Glencore espère que la transaction, sujette à approbation règlementaire, sera finalisée au troisième trimestre 2024. (Photo: 123RF)
Zurich — Le géant du négoce des matières premières Glencore a fini par décrocher une participation dans le charbon de Teck Resources après un féroce bras de fer avec le groupe canadien, moyennant 6,93 milliards de dollars américains (G$US) pour s’en emparer.
Le groupe suisse va obtenir une participation de 77% dans Elk Valley Resource (EVR), qui regroupe le charbon de Teck Resources, au côté du sidérurgiste japonais Nippon Steel Corporation qui prendra 20% des parts, annonce-t-il mardi dans un communiqué.
«Nous sommes heureux d’être parvenus à un accord», a déclaré Gary Nagle, son directeur général, cité dans le communiqué, assurant que Glencore entend veiller à ce que «la transaction soit bénéfique pour le Canada».
Les visées de Glencore sur Teck Resources avaient fait des remous dans les milieux politiques au Canada. Glencore s’est donc efforcé de vanter les mérites de la transaction: elle n’entraînera pas de suppressions nettes d’emplois et le siège d’EVR restera à Vancouver. De plus, l’entreprise continuera d’engager des dépenses d’investissements au Canada.
Glencore espère que la transaction, sujette à approbation règlementaire, sera finalisée au troisième trimestre 2024.
L’action gagnait 3,18% à 444,15 pence alors que le FTSE100, l’indice de la Bourse de Londres, où Glencore est coté, perdait 0,38%.
Avec cette vente, Teck Resources pourra se concentrer sur les minéraux critiques comme le cuivre, explique de son côté Jonathan Price, le PDG du groupe canadien dans un communiqué séparé. L’accord valorise ses activités dans le charbon à 9 milliards de dollars.
Teck Resources, un des plus grands groupes miniers au Canada, avait lancé un projet de scission de ses activités de charbon et de métaux. Mais en avril, Glencore avait dévoilé une offre complexe et controversée, lui proposant d’abord de mettre en commun leurs activités dans le charbon et les métaux, puis de les scinder dans un deuxième temps.
Introduction en Bourse à venir
Teck Resources avait fermement rejeté son offre, malgré une tentative de Glencore pour l’améliorer. Le groupe canadien était soutenu par ses deux plus gros actionnaires, dont Norman Keevil, le patriarche de la famille qui détient une grande partie des actions assorties de davantage de droits de vote.
Mais l’offre de Glencore avait séduit d’autres actionnaires de Teck Resources, au point que son projet de scission avait capoté.
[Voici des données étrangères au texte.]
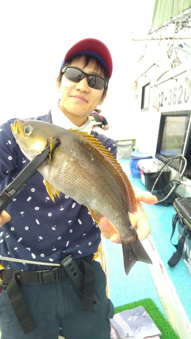 港から1時間20分でポイントに到着し、早速やってみます。しかし、全くアタリがありません。仕掛け変更です。3本針のからばり仕掛けでやってみます。オキアミを付けていざ投入!すると、グッとアタリがありました!ゆっくりとあわせると、グーッと引き込んでいきます。早く巻き取りたいところですが、イサキはバレやすいと聞いたので、ゆっくりと巻きます。水面まで仕掛けが来たところで、仕掛けをたぐり寄せます。ついに!イサキの姿が見えました!慌てずタモですくいます。上がって来たのは28cmと小ぶりでしたが、これでコツをつかみました!このまま順調に釣りたいところでしたが、潮が悪く、激シブでした。そんな中でも工夫しながら釣りをした結果、16匹釣ることができました!

Quelques heures avant une assemblée générale, il avait fini par y renoncer.
Dans le communiqué publié mardi, Norman Keevil, s’est rallié à cet accord, estimant qu’il permet à Teck Resources de poursuivre sa croissance tout «en préservant les emplois» dans les mines de charbon.
Contrairement à plusieurs concurrents qui se désengagent du charbon, Glencore continue de défendre cette matière première, disant vouloir gérer ses mines de manière responsable jusqu’à ce qu’elles s’épuisent, ce qui lui vaut de vives critiques, y compris de la part de ses actionnaires.
Durant l’assemblée générale en mai, des investisseurs — dont les sociétés de gestion d’actifs britannique Legal & General Investment Management et HSBC Asset Management — s’étaient mobilisés dans un vote de défiance pour forcer Glencore à fournir des informations sur sa stratégie dans le charbon.
Glencore s’offre des activités charbonnières «tout en maintenant ses promesses climatiques. Les prédateurs ont leur propre logique», a réagi sur X (ex-Twitter) Adrià Budry Carbó, membre de Public Eye, une ONG suisse très critique de Glencore.
Dans un commentaire de marché, Russ Mould, directeur des investissements chez AJ Bell, souligne qu’à l’heure «où la plupart des sociétés minières se détournent du charbon», «Glencore semble doubler la mise sur cette énergie fossile».
Pourtant, la transaction a un sens, selon lui, l’objectif étant d’introduire séparément en Bourse les activités de charbon sidérurgique de Teck Resources et de charbon thermique de Glencore dans les deux années suivant leur intégration.
Si Glencore parvient à mettre en œuvre ce projet, le reste de ses activités «sera débarrassé de la mauvaise odeur du charbon», argumente-t-il, ouvrant la porte à de nouveaux investisseurs.
Depuis 2020, le fonds souverain norvégien, le plus gros investisseur au monde, a placé Glencore sur sa liste d’exclusion.